Abstract
In terms of achieving wider health and social outcomes, sport coaching promises much for young people with disabilities. Despite this promise, the experiences and practices of those coaches who enter the disability sport arena are underexplored. This is particularly so for coaches who operate in community participation rather than competitive elite environments. Accordingly, this paper uses an autoethnographic approach to explore the experiences of a basketball coach (Colum), who enters a youth club for disabled participants for the first time. Utilising observational data, reflective field notes and interviews, five relativist vignettes are collaboratively constructed to represent Colum’s experiences across 12 basketball sessions. The vignettes reveal that the disability and community context disrupted Colum’s normative coaching behaviours. An emotional laborious journey is recounted that includes significant lessons, which may impact coaching practitioners, researchers and sport development officers. In addition, the post-sport context is introduced to differentiate the youth club context from Colum’s normative sport context. Furthermore, the concepts of liminality and ludic, which are novel to extant coaching literature, are introduced to explain how and why Colum struggled to find structure within the context of a youth club for disabled participants.
Notes
1. This refers to physical, sensory and intellectual impairment (DePauw & Gavron, Citation2005).
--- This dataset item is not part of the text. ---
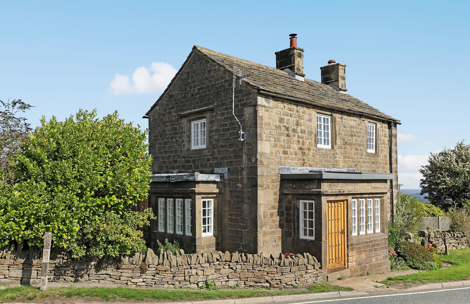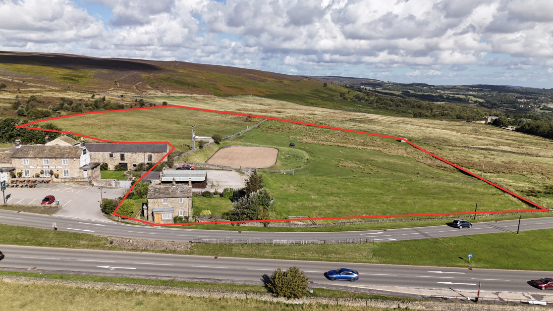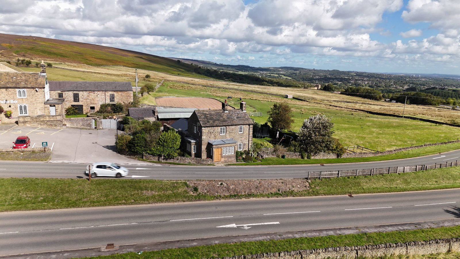 The property stands within an impressive plot of approximately 8.5 acres, offering a wonderful blend of landscaped gardens and extensive equestrian facilities. To the front, a beautifully kept lawned garden is enclosed by traditional dry-stone walling, with a flagged pathway leading up to the house and creating a charming first impression. A large hard-standing area provides ample vehicle parking, perfect for family living or equestrian use.

2. In doing so, we also adopted a social constructionist epistemology which assumes ‘disability coaching’ is a socially constructed phenomenon (Crotty, Citation2015).
3. The conception of rigour here occurs within a relativist ontology and constructionist epistemology that values subjective meaning rather than universal truths, and sees reality as local, social and constructed.
4. The authors accept that others may argue this type of work and setting is more akin to sport instruction or sport leadership than sport coaching. Nonetheless, the author is a qualified sport coach and was recruited as such by the centre who ‘wanted a basketball coach’. Furthermore, we would argue, that meeting the complex, multi-disciplinary needs of children involved in sport is youth participation coaching (Côté, Young, North, & Duffy, Citation2007) as recognised by the International Council for Coaching Excellence (Citation2012), and would qualify as sport pedagogy (Armour, Citation2011).
5. For example, other readers may have chosen to emphasise and explore the emotional labour of coaching in this setting.